* [What you have to do]
The listing is to be reproduced exactly, excluding its pictures.
Entries supplied: Begin
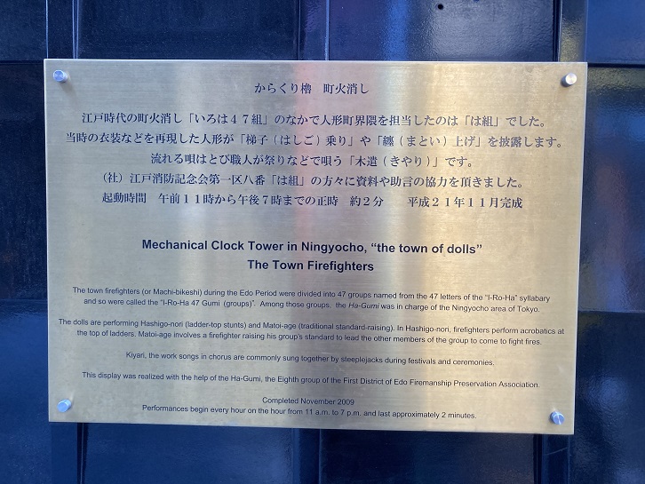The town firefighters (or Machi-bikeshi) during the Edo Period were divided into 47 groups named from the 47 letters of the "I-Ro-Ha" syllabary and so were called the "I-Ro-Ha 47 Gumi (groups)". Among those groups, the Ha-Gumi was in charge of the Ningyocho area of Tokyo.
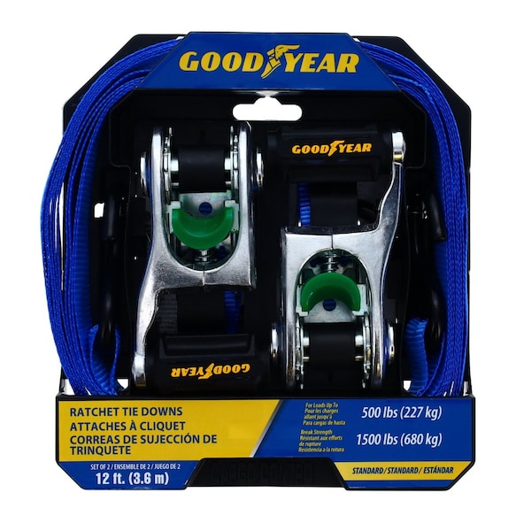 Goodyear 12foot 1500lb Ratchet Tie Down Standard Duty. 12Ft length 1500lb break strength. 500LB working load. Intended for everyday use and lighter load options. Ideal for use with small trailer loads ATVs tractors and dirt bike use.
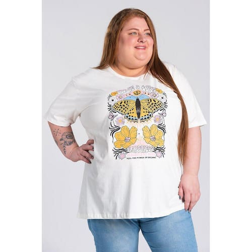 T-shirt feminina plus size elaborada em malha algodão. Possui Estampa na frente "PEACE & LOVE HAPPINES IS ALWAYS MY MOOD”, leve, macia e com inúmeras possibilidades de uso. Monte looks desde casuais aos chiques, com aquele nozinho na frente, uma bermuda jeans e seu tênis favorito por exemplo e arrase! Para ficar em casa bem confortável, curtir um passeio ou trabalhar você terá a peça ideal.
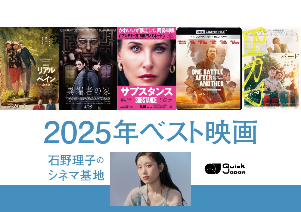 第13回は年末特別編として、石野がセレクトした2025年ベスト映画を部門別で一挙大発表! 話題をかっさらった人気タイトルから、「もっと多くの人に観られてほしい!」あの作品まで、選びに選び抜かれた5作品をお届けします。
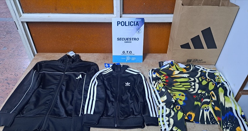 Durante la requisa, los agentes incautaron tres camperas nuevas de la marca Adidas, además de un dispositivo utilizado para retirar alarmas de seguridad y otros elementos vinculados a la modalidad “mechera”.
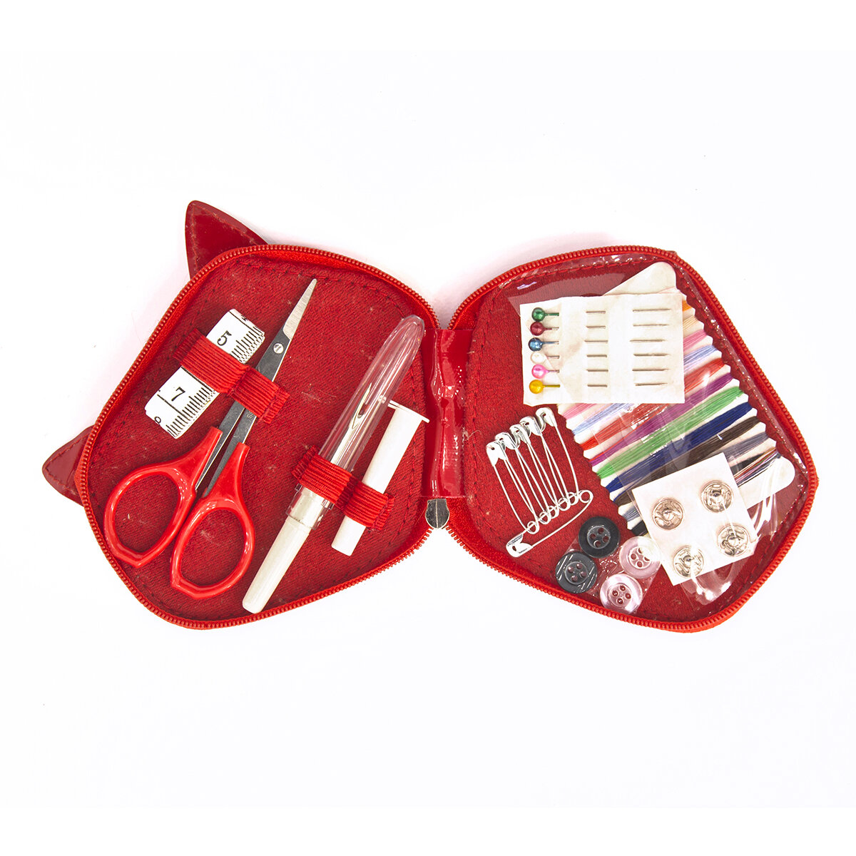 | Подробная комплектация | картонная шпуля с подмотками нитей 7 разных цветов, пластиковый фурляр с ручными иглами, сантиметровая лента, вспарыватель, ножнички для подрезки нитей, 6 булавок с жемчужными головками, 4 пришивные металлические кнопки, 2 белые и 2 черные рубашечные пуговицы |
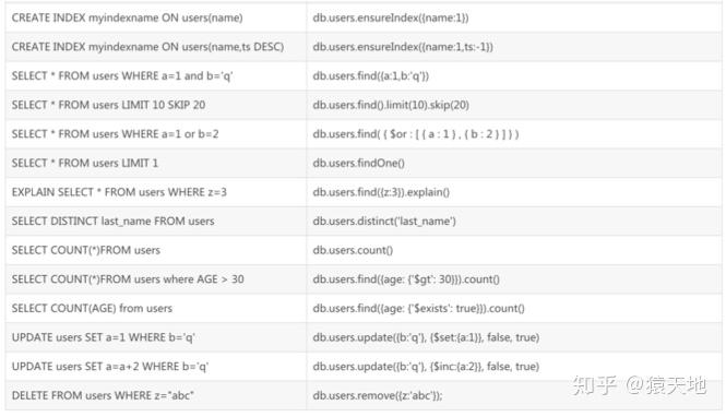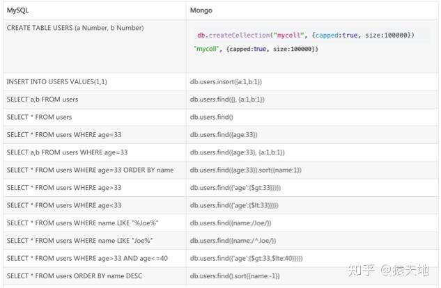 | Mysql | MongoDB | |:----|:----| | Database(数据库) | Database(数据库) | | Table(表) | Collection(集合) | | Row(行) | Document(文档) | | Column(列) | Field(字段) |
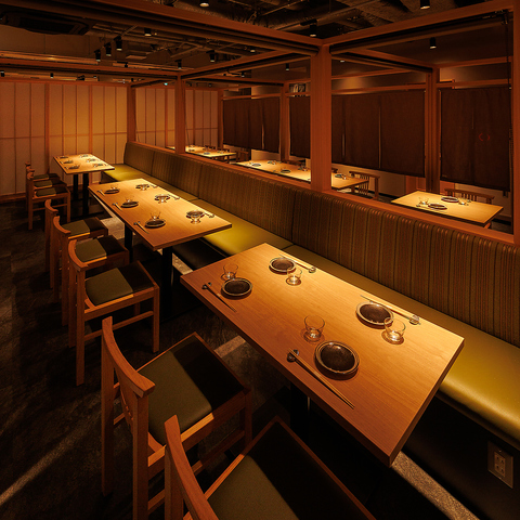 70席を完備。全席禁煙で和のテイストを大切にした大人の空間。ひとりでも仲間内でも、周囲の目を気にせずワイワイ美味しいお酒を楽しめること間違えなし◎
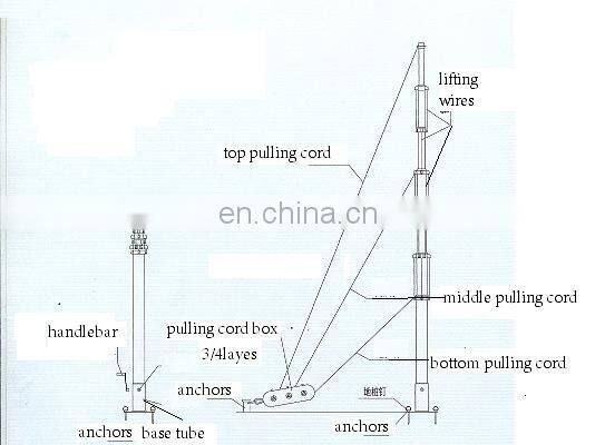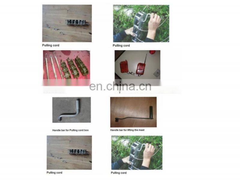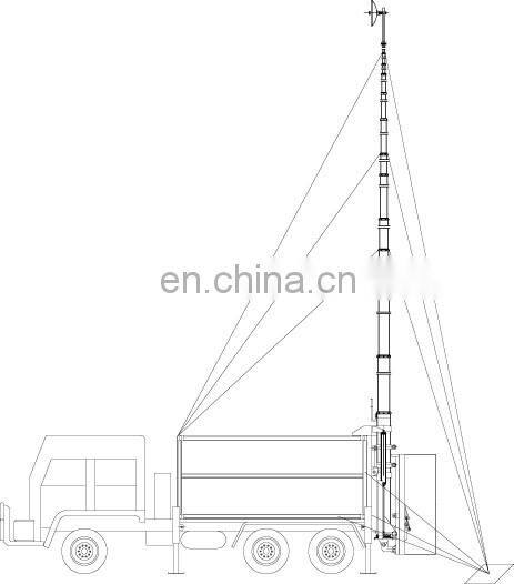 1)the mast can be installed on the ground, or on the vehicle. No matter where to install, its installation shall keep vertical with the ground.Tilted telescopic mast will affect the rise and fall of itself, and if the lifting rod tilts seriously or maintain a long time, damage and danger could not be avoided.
Entries supplied: End
* [Result of the task]
The town firefighters (or Machi-bikeshi) during the Edo Period were divided into 47 groups named from the 47 letters of the "I-Ro-Ha" syllabary and so were called the "I-Ro-Ha 47 Gumi (groups)". Among those groups, the Ha-Gumi was in charge of the Ningyocho area of Tokyo.
 Goodyear 12foot 1500lb Ratchet Tie Down Standard Duty. 12Ft length 1500lb break strength. 500LB working load. Intended for everyday use and lighter load options. Ideal for use with small trailer loads ATVs tractors and dirt bike use.
 T-shirt feminina plus size elaborada em malha algodão. Possui Estampa na frente "PEACE & LOVE HAPPINES IS ALWAYS MY MOOD”, leve, macia e com inúmeras possibilidades de uso. Monte looks desde casuais aos chiques, com aquele nozinho na frente, uma bermuda jeans e seu tênis favorito por exemplo e arrase! Para ficar em casa bem confortável, curtir um passeio ou trabalhar você terá a peça ideal.
 第13回は年末特別編として、石野がセレクトした2025年ベスト映画を部門別で一挙大発表! 話題をかっさらった人気タイトルから、「もっと多くの人に観られてほしい!」あの作品まで、選びに選び抜かれた5作品をお届けします。
 Durante la requisa, los agentes incautaron tres camperas nuevas de la marca Adidas, además de un dispositivo utilizado para retirar alarmas de seguridad y otros elementos vinculados a la modalidad “mechera”.
 | Подробная комплектация | картонная шпуля с подмотками нитей 7 разных цветов, пластиковый фурляр с ручными иглами, сантиметровая лента, вспарыватель, ножнички для подрезки нитей, 6 булавок с жемчужными головками, 4 пришивные металлические кнопки, 2 белые и 2 черные рубашечные пуговицы |
 | Mysql | MongoDB | |:----|:----| | Database(数据库) | Database(数据库) | | Table(表) | Collection(集合) | | Row(行) | Document(文档) | | Column(列) | Field(字段) |
 70席を完備。全席禁煙で和のテイストを大切にした大人の空間。ひとりでも仲間内でも、周囲の目を気にせずワイワイ美味しいお酒を楽しめること間違えなし◎
 1)the mast can be installed on the ground, or on the vehicle. No matter where to install, its installation shall keep vertical with the ground.Tilted telescopic mast will affect the rise and fall of itself, and if the lifting rod tilts seriously or maintain a long time, damage and danger could not be avoided.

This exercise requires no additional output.